Normal and Critical Findings
Carrier screens will come back either negative or positive. A positive result indicates carrier status.
Maternal serum biochemical markers include the following:
- Down syndrome is associated with low MSAFP, low estriol, high hCG, high inhibin A, and low PAPP-A
- Edwards syndrome is associated with low MSAFP, low estriol, low hCG, normal inhibin A, and low PAPP-A
- Patau syndrome is associated with normal MSAFP, normal estriol, normal hCG, normal inhibin A, and low PAPP-A
An increased nuchal translucency is a soft marker for aneuploidy but is not diagnostic. Other anatomical anomalies, such as small or absent nasal bone and cardiac defects, are also indicators of possible aneuploidy. The ccfDNA screening results can be reported as either positive or negative, as high risk or low risk. They can also return as no-call. Reports should include the fetal fraction.[11]
Interfering Factors
A ccfDNA screen is less predictive in cases of maternal obesity leading to low fetal fractions, multiple pregnancies, and less than 10 weeks gestational age. It has, in rare cases, given false results due to occult maternal malignancies.[12] In the case of multiple pregnancies, no screening test is as accurate as it is in singleton pregnancies. Screening tests for aneuploidy should not be performed if there is evidence of fetal demise or if one of the fetuses has abnormalities identified on ultrasound.[3] Ultrasound interpretation is dependent upon the skill of the technician.
Complications
Standard phlebotomy to obtain the maternal blood samples has the risk of phlebitis, bruising, bleeding, and localized pain. Ultrasonography has been used for over 20 years and is considered a very low risk to both the mother and fetus. There may be some discomfort due to the pressure of the probe.
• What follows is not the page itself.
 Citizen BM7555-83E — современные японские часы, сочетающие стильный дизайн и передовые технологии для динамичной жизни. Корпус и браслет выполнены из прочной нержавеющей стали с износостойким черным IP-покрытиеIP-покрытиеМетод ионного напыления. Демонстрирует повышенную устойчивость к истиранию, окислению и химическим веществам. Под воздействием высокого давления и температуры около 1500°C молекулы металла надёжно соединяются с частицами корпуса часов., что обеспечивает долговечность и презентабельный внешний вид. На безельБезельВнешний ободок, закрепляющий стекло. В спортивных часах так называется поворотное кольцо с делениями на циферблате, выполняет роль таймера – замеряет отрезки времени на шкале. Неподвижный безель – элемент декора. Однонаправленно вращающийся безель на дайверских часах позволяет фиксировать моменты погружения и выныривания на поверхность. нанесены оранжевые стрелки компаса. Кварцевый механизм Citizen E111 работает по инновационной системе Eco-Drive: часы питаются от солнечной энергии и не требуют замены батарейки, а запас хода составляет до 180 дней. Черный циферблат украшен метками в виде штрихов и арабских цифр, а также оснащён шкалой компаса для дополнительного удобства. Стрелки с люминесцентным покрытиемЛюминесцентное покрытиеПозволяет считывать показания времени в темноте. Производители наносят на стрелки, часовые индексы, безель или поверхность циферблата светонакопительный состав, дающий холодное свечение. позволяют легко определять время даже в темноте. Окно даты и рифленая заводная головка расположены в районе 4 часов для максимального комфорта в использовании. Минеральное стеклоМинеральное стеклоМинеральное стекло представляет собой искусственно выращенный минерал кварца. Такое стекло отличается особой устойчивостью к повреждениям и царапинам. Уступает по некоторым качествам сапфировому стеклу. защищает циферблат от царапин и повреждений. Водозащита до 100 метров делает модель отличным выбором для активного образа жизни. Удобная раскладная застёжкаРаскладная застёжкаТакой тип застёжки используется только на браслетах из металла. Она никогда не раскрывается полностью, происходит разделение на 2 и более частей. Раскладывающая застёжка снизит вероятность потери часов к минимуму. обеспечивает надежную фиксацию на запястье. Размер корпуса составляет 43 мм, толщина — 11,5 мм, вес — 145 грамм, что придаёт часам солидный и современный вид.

Patient Safety and Education
It is important that the patient understands the purpose of screening tests and the difference between screening and diagnostic tests. A positive screen needs to be followed by a diagnostic test before any irreversible decisions are made. Likewise, patients need to understand that a negative screening test is not a guarantee. To achieve this end, patients should be counseled on test sensitivity, specificity, and positive predictive values. Patients with concerns over the implications of genetic testing and privacy of their results should be given information on the Genetic Information Nondiscrimination Act of 2008.[13]
Clinical Significance
Identification of fetal anomalies and genetic conditions during the prenatal period has its advantages. A specific diagnosis allows parents and practitioners to prepare and explore all options. This could mean emotionally preparing for a child with special needs, planning for delivery in a hospital best able to meet the neonate’s needs, or terminating a pregnancy.[14]